No fim, ele pergunta se é verdade que adivinhou que ela o olha daquele
jeito não é para ele comer, mas porque gosta dele. A mãe diz que ele adivinhou
sim, mas torna a insistir em que ele coma. Paulinho retruca: “ – Você só pensa
nisso. Eu falei muito para você não pensar só em comida, mas você vai e não
esquece”.
PERDOANDO DEUS
Andando pela Avenida Copacabana, a narradora teve uma sensação
inédita: sentiu-se a mãe de Deus, o qual era a própria Terra, o mundo. Teve um
carinho maternal por Deus.
Foi quando ela pisou num rato morto. Encheu-se de susto e pavor como
uma criança. Então revoltou-se contra Deus. Por que num momento de tanta
beleza interior ela tinha topado exatamente com um rato? Teve vontade de negar
que Deus existisse como Deus... Mas percebeu que esse pensamento é a
vingança dos fracos quando tomam consciência de sua fraqueza.
Concluiu que a sensação tão solene que tivera era falsa, estivera amando
um mundo que não existe (“ no fundo eu quero amar o que eu amaria – e não o
que é. E porque ainda não sou eu mesma, e então o castigo é amar um mundo
que não é ele.(...) Como posso amar a grandeza do mundo se não posso amar o
tamanho da minha natureza?”)
Finalmente, ficou esclarecido na mente dela que estava querendo amar a
um Deus só porque ela não se aceitava. Ela estaria amando um Deus que seria
seu contraste, esse Deus seria apenas um modo de ela se acusar. “Enquanto eu
inventar Deus, Ele não existe”.
TENTAÇÃO
À tarde, sentada nos degraus de uma escada, em rua deserta do Grajaú, a
menininha pobre, ruiva, solitária estava com um soluço seco a incomodá-la.
Nisso, veio passando um cachorro basset ruivo. Parou diante da menina,
sem latir. Fitaram-se mudamente. Sem emitir som, eles se pediam: um
solucionaria o problema de solidão do outro.
O cachorro foi embora. Incrédula, os olhos da menina acompanharam-no
até vê-lo dobrar a outra esquina. “Mas ele foi mais forte do que ela. Nem uma só
vez olhou para trás.”
O OVO E A GALINHA
O ovo é a própria existência real, objetiva, em si mesma. A galinha é nossa
visão de vida interior; ela só existe por causa do ovo. Sem o ovo, a galinha não
tem sentido. Ela é o meio de transporte para o ovo, tonta, desocupada e míope.

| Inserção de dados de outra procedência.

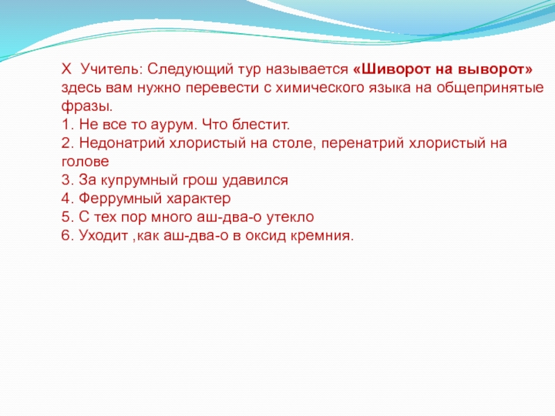 Слайд 9Χ Учитель: Следующий тур называется «Шиворот на выворот» здесь вам нужно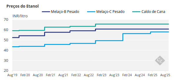 O governo aumentou recentemente o preço do etanol produzido a partir dos estoques excedentes de arroz para INR 60,32 por litro, um aumento de 3% em relação ao preço praticado nos últimos três anos. Infelizmente para o setor de açúcar, não houve alteração nos preços a serem pagos ao etanol produzido de outras matérias-primas, incluindo as derivadas da cana-de-açúcar.

O ovo é sempre o mesmo, isto é, a vida; a galinha é sempre a tragédia de
cada época. O ovo tem sua forma definida; a galinha continua sendo redesenhada.
“Ainda não se achou a forma mais adequada para uma galinha.(...) O seu destino
é o ovo, a sua vida pessoal não nos interessa.” A galinha prejudicial ao ovo é
aquela que só pensa em si, que não quer sacrificar sua vida.
Os homens são os agentes da vida. Os que têm amor são os que
participam um pouco mais da vida. Mas, como o amor é a desilusão de tudo o
mais, poucos amam, porque a maioria não suporta perder as outras ilusões.
“Inclusive amor é a desilusão do que se pensava que era amor.”
Os homens existem para que o ovo se faça. Aqueles que não entendem
isso, suicidam-se ou são eliminados. Estes não entendem o nosso mistério: somos
apenas um meio e não um fim. Os que não aceitam o mistério procuram eliminar
os que o aceitam. Então eles mandam que estes falem. Enquanto falam, o ovo é
esquecido.
CEM ANOS DE PERDÃO
A menina e sua colega olhavam para os palacetes e disputavam a posse
imaginária deles.
Um dia, a menina viu uma rosa e apanhou-a, tomando cuidado para não
ser vista. Enquanto ela colhia as rosas a fim de levar para casa, a colega vigiava.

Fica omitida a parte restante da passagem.